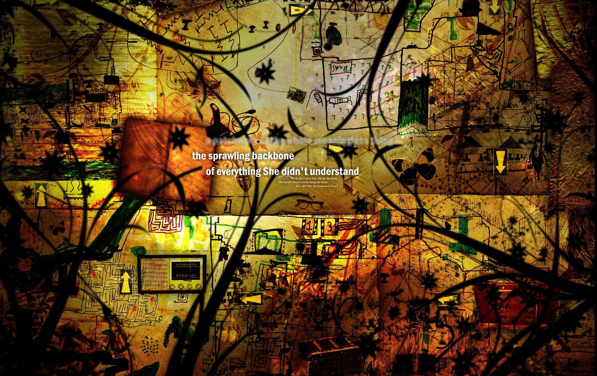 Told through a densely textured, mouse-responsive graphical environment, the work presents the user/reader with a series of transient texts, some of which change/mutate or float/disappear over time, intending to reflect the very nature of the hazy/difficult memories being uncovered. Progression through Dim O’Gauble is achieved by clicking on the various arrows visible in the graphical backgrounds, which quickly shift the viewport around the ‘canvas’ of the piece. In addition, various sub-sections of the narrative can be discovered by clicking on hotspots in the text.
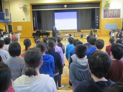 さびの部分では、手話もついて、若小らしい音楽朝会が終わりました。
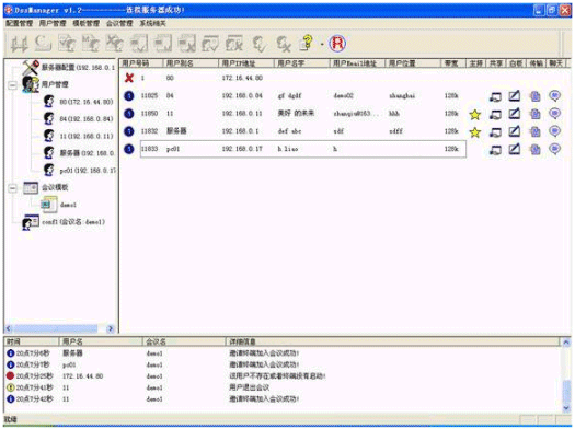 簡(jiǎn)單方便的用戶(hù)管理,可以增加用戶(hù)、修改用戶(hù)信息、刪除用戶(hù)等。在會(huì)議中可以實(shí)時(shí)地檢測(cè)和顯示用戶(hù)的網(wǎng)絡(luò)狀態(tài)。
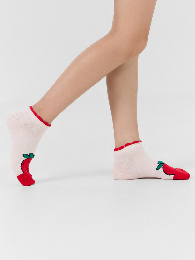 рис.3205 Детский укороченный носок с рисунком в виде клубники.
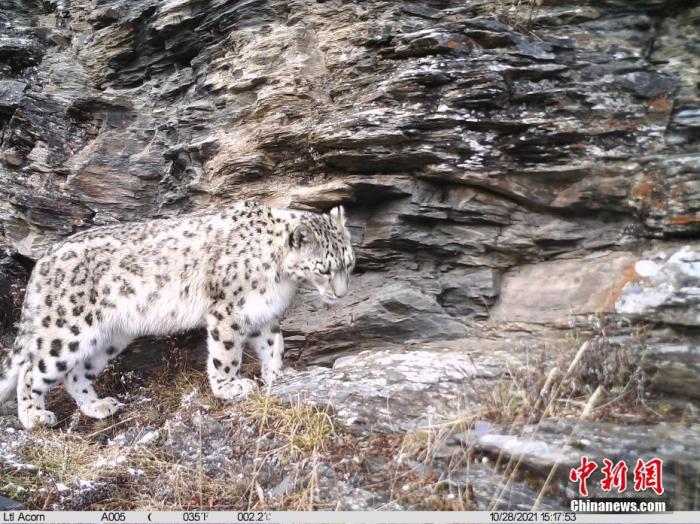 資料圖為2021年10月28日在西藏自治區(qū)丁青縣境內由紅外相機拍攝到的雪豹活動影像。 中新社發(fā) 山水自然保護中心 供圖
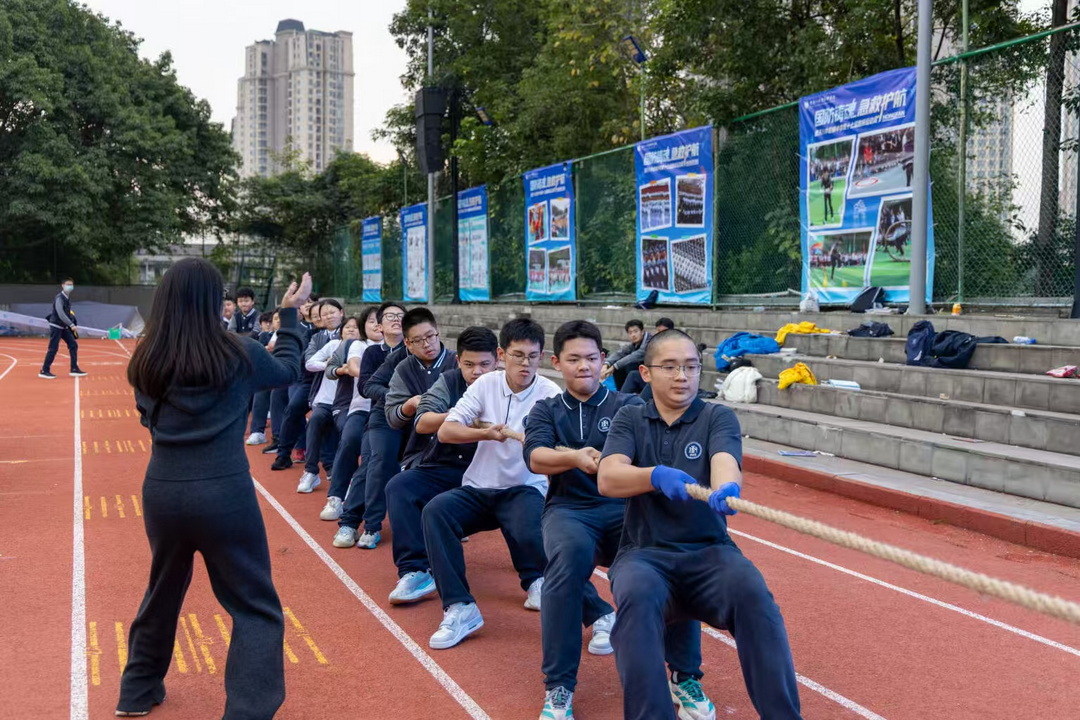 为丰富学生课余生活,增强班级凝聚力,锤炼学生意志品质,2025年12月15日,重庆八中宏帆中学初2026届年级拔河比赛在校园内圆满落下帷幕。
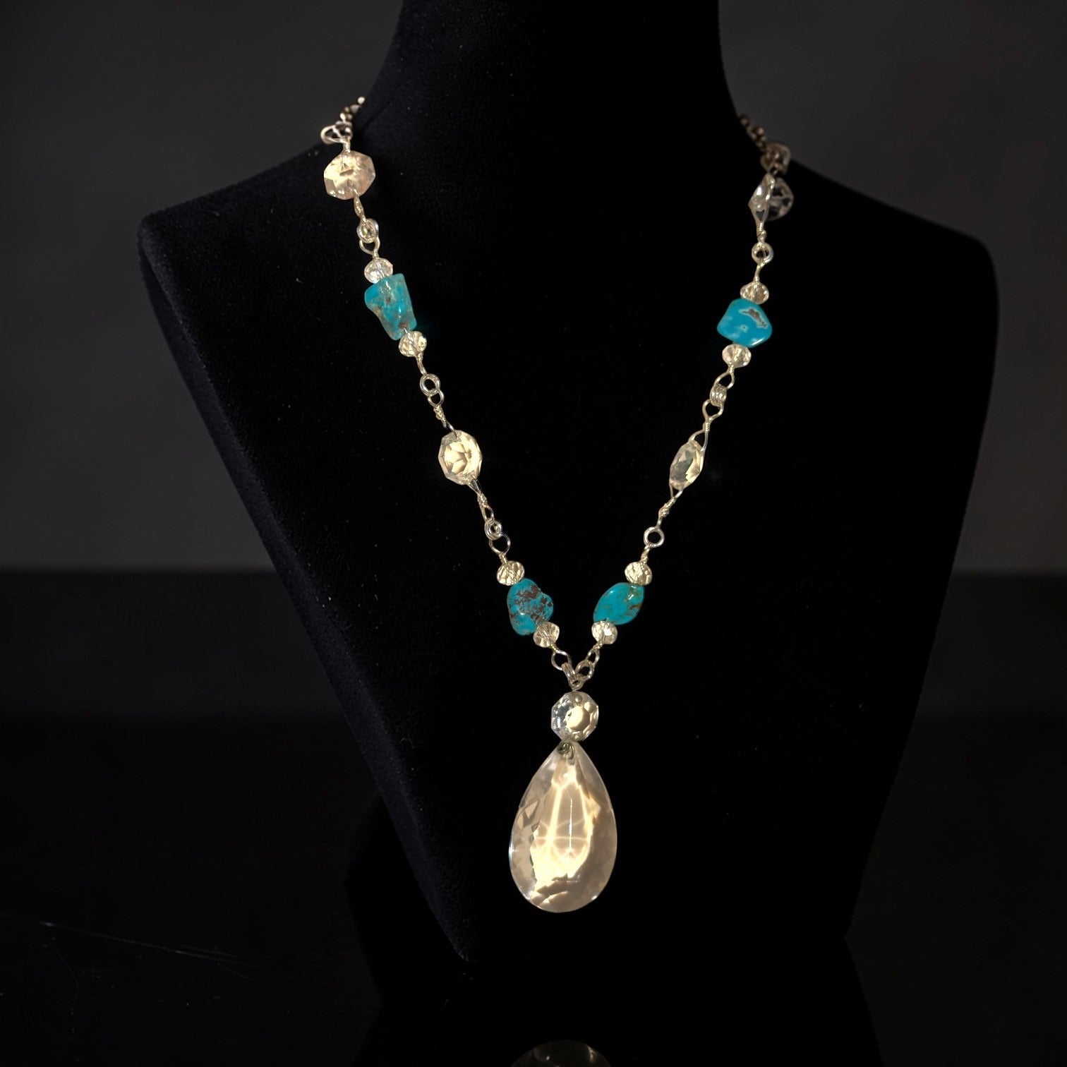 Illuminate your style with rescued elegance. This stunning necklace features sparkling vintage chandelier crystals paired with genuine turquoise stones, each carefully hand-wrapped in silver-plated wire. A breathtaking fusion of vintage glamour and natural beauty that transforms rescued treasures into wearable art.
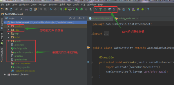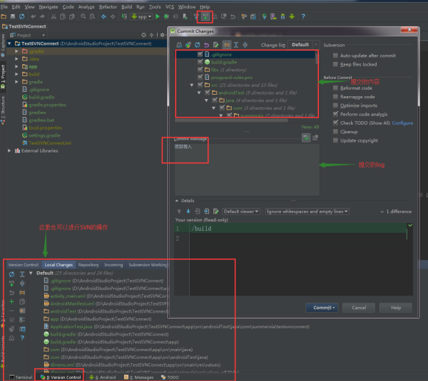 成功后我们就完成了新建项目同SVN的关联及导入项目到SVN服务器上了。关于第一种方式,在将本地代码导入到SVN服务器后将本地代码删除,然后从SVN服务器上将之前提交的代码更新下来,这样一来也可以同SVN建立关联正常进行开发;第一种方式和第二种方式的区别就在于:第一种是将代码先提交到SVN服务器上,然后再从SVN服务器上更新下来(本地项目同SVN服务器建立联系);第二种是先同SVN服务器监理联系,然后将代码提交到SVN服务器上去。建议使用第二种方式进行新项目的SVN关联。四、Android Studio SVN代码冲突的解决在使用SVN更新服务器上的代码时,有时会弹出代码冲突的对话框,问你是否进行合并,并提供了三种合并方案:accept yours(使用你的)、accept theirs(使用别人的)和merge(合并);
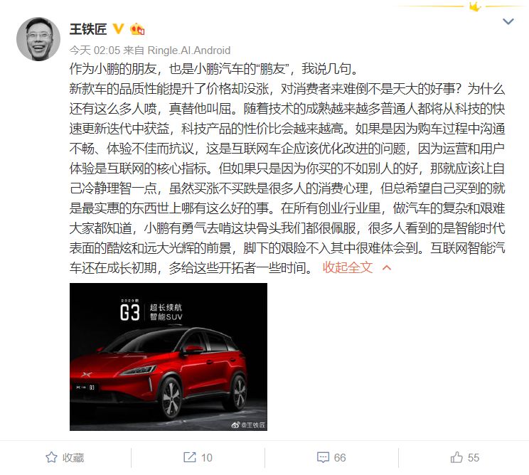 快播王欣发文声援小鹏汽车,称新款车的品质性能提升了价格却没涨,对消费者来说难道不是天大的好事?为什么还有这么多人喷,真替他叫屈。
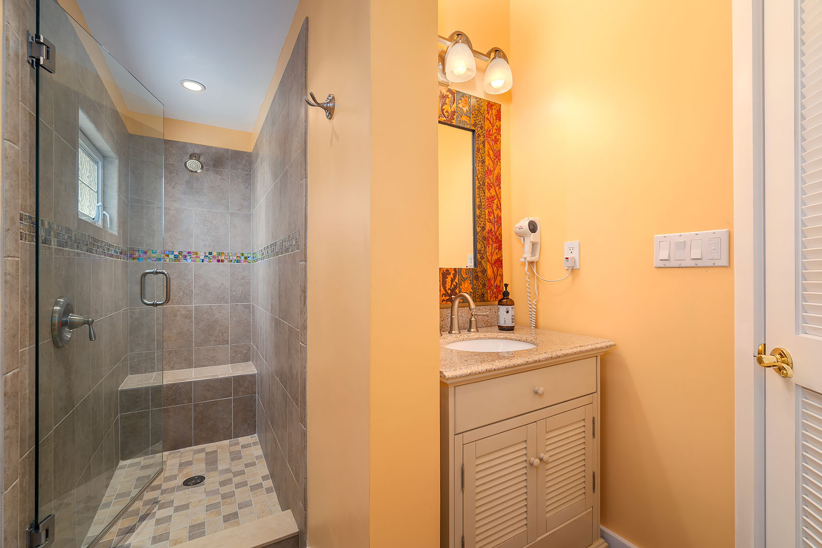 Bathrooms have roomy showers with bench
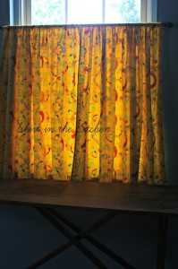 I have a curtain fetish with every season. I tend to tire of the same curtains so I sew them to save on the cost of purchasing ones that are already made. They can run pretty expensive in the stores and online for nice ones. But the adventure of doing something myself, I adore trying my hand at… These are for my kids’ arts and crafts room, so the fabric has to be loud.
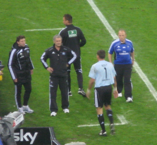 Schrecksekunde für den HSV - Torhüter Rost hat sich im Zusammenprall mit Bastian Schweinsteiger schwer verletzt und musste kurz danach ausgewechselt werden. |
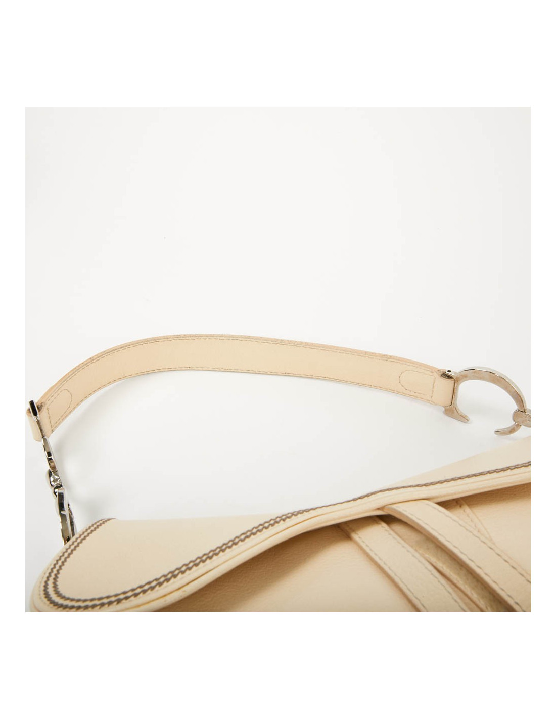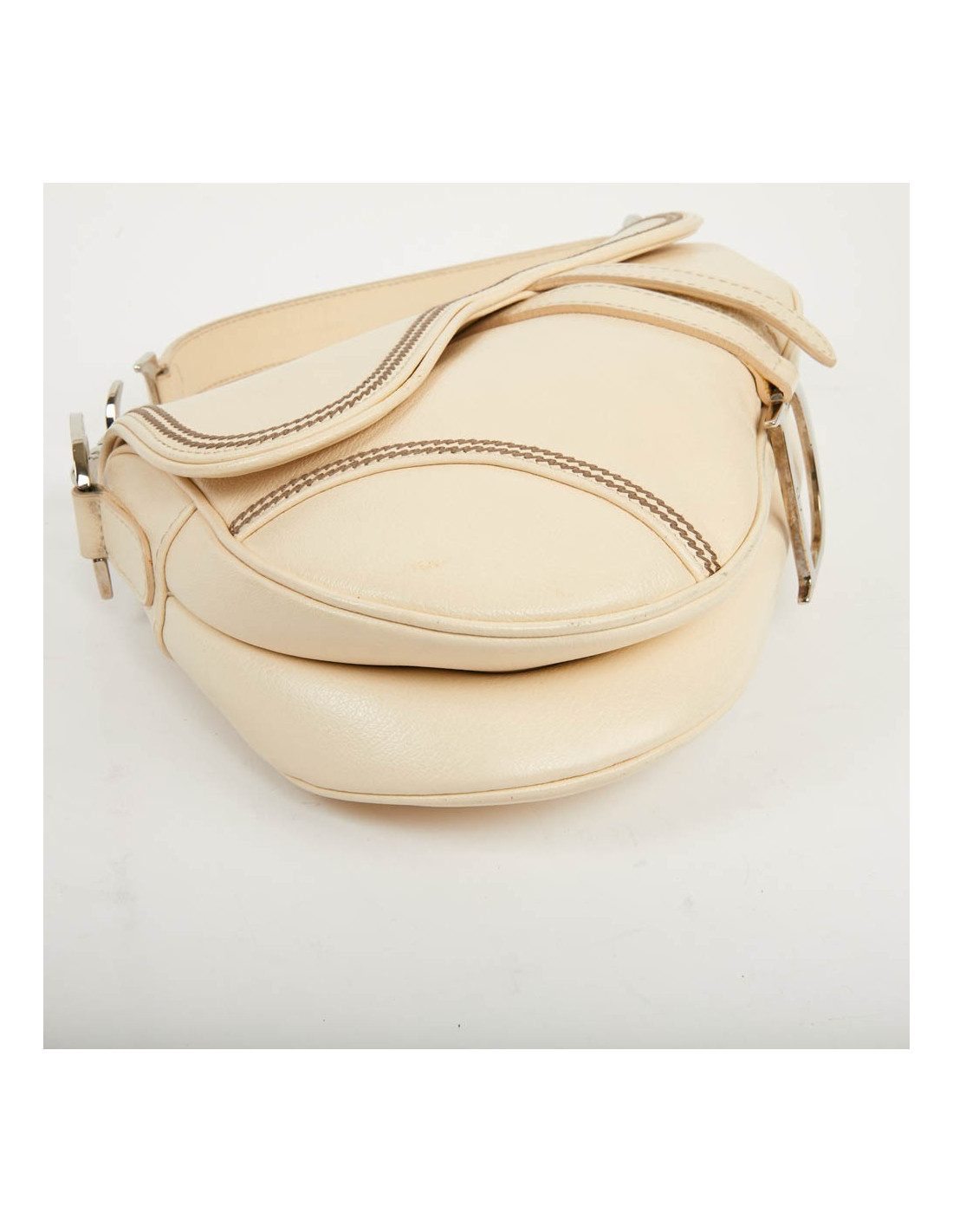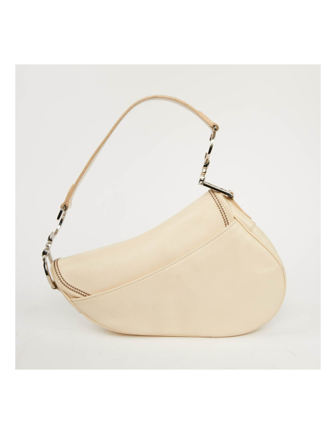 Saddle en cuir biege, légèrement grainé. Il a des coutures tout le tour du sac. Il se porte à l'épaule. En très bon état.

───

**PROMPT**
If an entry above holds a picture, omit the picture but retype everything else exactly.

**EXERCISE OUTPUT**
 Told through a densely textured, mouse-responsive graphical environment, the work presents the user/reader with a series of transient texts, some of which change/mutate or float/disappear over time, intending to reflect the very nature of the hazy/difficult memories being uncovered. Progression through Dim O’Gauble is achieved by clicking on the various arrows visible in the graphical backgrounds, which quickly shift the viewport around the ‘canvas’ of the piece. In addition, various sub-sections of the narrative can be discovered by clicking on hotspots in the text.
 さびの部分では、手話もついて、若小らしい音楽朝会が終わりました。
 簡(jiǎn)單方便的用戶(hù)管理,可以增加用戶(hù)、修改用戶(hù)信息、刪除用戶(hù)等。在會(huì)議中可以實(shí)時(shí)地檢測(cè)和顯示用戶(hù)的網(wǎng)絡(luò)狀態(tài)。
 рис.3205 Детский укороченный носок с рисунком в виде клубники.
 資料圖為2021年10月28日在西藏自治區(qū)丁青縣境內由紅外相機拍攝到的雪豹活動影像。 中新社發(fā) 山水自然保護中心 供圖
 为丰富学生课余生活,增强班级凝聚力,锤炼学生意志品质,2025年12月15日,重庆八中宏帆中学初2026届年级拔河比赛在校园内圆满落下帷幕。
 Illuminate your style with rescued elegance. This stunning necklace features sparkling vintage chandelier crystals paired with genuine turquoise stones, each carefully hand-wrapped in silver-plated wire. A breathtaking fusion of vintage glamour and natural beauty that transforms rescued treasures into wearable art.
 成功后我们就完成了新建项目同SVN的关联及导入项目到SVN服务器上了。关于第一种方式,在将本地代码导入到SVN服务器后将本地代码删除,然后从SVN服务器上将之前提交的代码更新下来,这样一来也可以同SVN建立关联正常进行开发;第一种方式和第二种方式的区别就在于:第一种是将代码先提交到SVN服务器上,然后再从SVN服务器上更新下来(本地项目同SVN服务器建立联系);第二种是先同SVN服务器监理联系,然后将代码提交到SVN服务器上去。建议使用第二种方式进行新项目的SVN关联。四、Android Studio SVN代码冲突的解决在使用SVN更新服务器上的代码时,有时会弹出代码冲突的对话框,问你是否进行合并,并提供了三种合并方案:accept yours(使用你的)、accept theirs(使用别人的)和merge(合并);
 快播王欣发文声援小鹏汽车,称新款车的品质性能提升了价格却没涨,对消费者来说难道不是天大的好事?为什么还有这么多人喷,真替他叫屈。
 Bathrooms have roomy showers with bench
 I have a curtain fetish with every season. I tend to tire of the same curtains so I sew them to save on the cost of purchasing ones that are already made. They can run pretty expensive in the stores and online for nice ones. But the adventure of doing something myself, I adore trying my hand at… These are for my kids’ arts and crafts room, so the fabric has to be loud.
 Schrecksekunde für den HSV - Torhüter Rost hat sich im Zusammenprall mit Bastian Schweinsteiger schwer verletzt und musste kurz danach ausgewechselt werden. |
 Saddle en cuir biege, légèrement grainé. Il a des coutures tout le tour du sac. Il se porte à l'épaule. En très bon état.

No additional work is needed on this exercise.